Nine 5k results (report) - that why people need to check SI

Posted By: Daniel Murphy
Date: Wednesday, 19 January 2011, at 9:10 p.m.

In Response To: Nine 5k results (report) - that why people need to check SI (Neil Robins)

How common is it, really, that extending an XG (or other bot) rollout of two plays swings the confidence level from 95% or even 99.9% in favor of one play to the other? I've seen only a handful of examples. But it would be surprising if they never happened (I see now that Timothy said, with respect to Stick's rollouts), that "these sorts of fluctuations are no surprise to anyone who works with statistical effects on a regular basis."

In another thread, in a comment by Timothy, the phrase "what we intuitively think" confidence intervals should be caught my eye. I'm not sure what he meant by this -- both the "we" and the "intuitively" (what did you mean, Timothy?) but to my mind there's not much that is intuitive about working with rollout reports, or with statistical probabilities generally.

Even with very simple probabilities. For example, if you tell people unschooled in statistics that the probability of rolling a six in one roll is 11/36 and ask them what the probability of rolling a six in two rolls is, some folks would "intuitively" think that the answer must be 22/36. Or if you told them the chance of rolling a doublet is 1/6 and asked what the chance is of rolling a doublet in two rolls, some would immediately say "2/6." And not because they're dumb, and (I can remember such having such conversations) if you then say "then the chance of rolling a doublet in 6 rolls must be 100%?" they immediately see that something must be wrong with their intuitive thinking. To take another example, a newspaper report of an election year poll might say that candidate X is favored over candidate Y 53% to 47% this week, where last week the numbers were 51%-49%. Even if the article mentions that the 95% confidence interval is ±5%, which often it won't, somehow "we intuitively" think that the 2% jump must be a meaningful improvement in candidate X's approval rating. But it doesn't.

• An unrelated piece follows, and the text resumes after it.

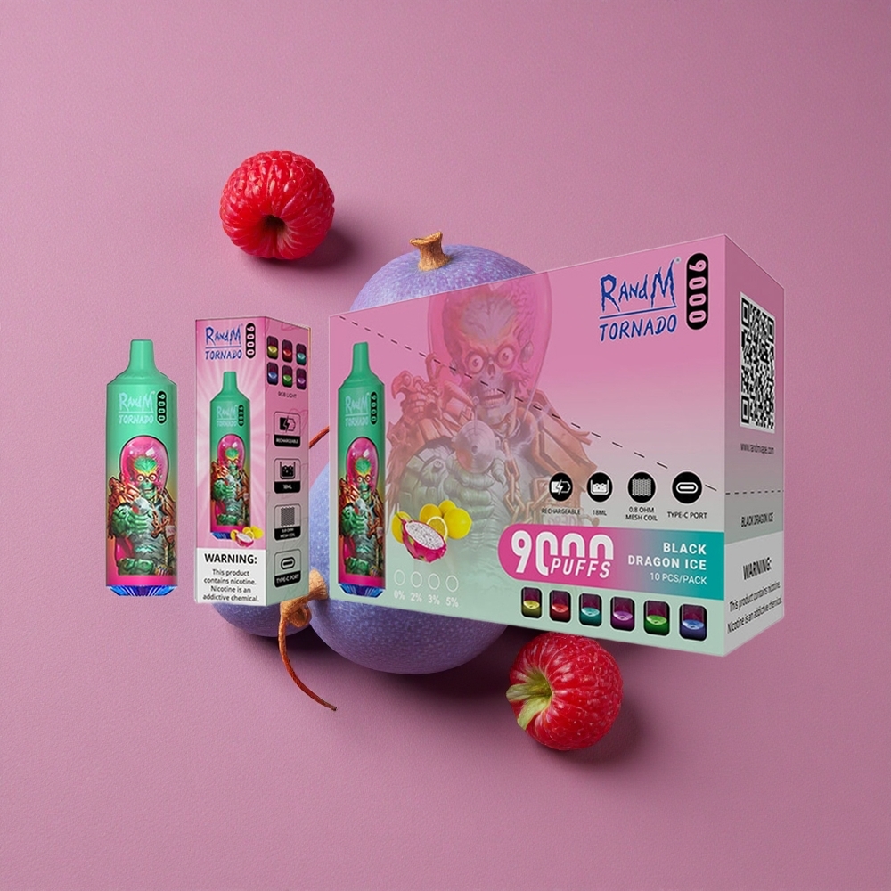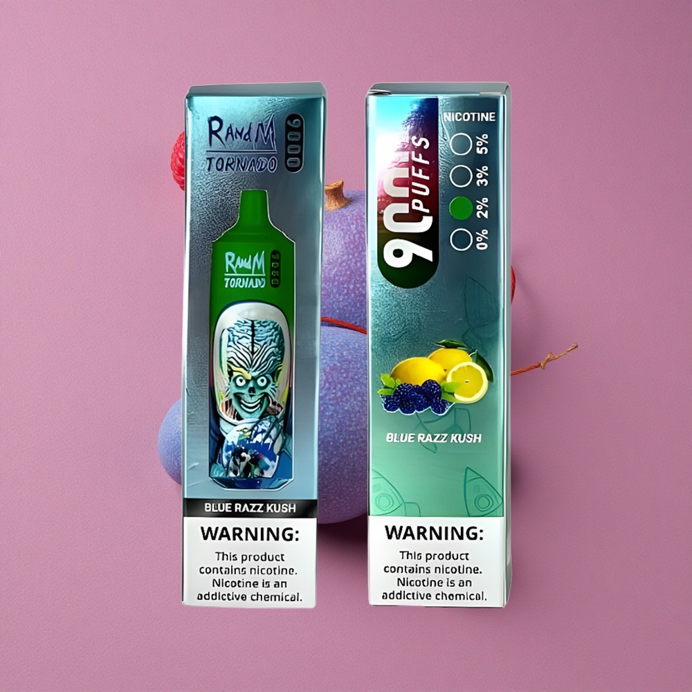 RandM Fumot Tornado 9000 Puffs Blue Razz Kush Rechargeable 850 mAh Affichage RGB

If anything working with rollouts and understanding how they calculate their numbers and what they do and don't mean seems counterintuitive, and with that I'll drop the "I" word. But I wonder if you think, for example, that when the 80-trial rollout of bar/23 13/7 reports equity -0.035 ±0.028, this means that we can say there is a 95% probability that the true equity of the play is between -0.063 and -0.007? It doesn't mean that, but perhaps many think it does?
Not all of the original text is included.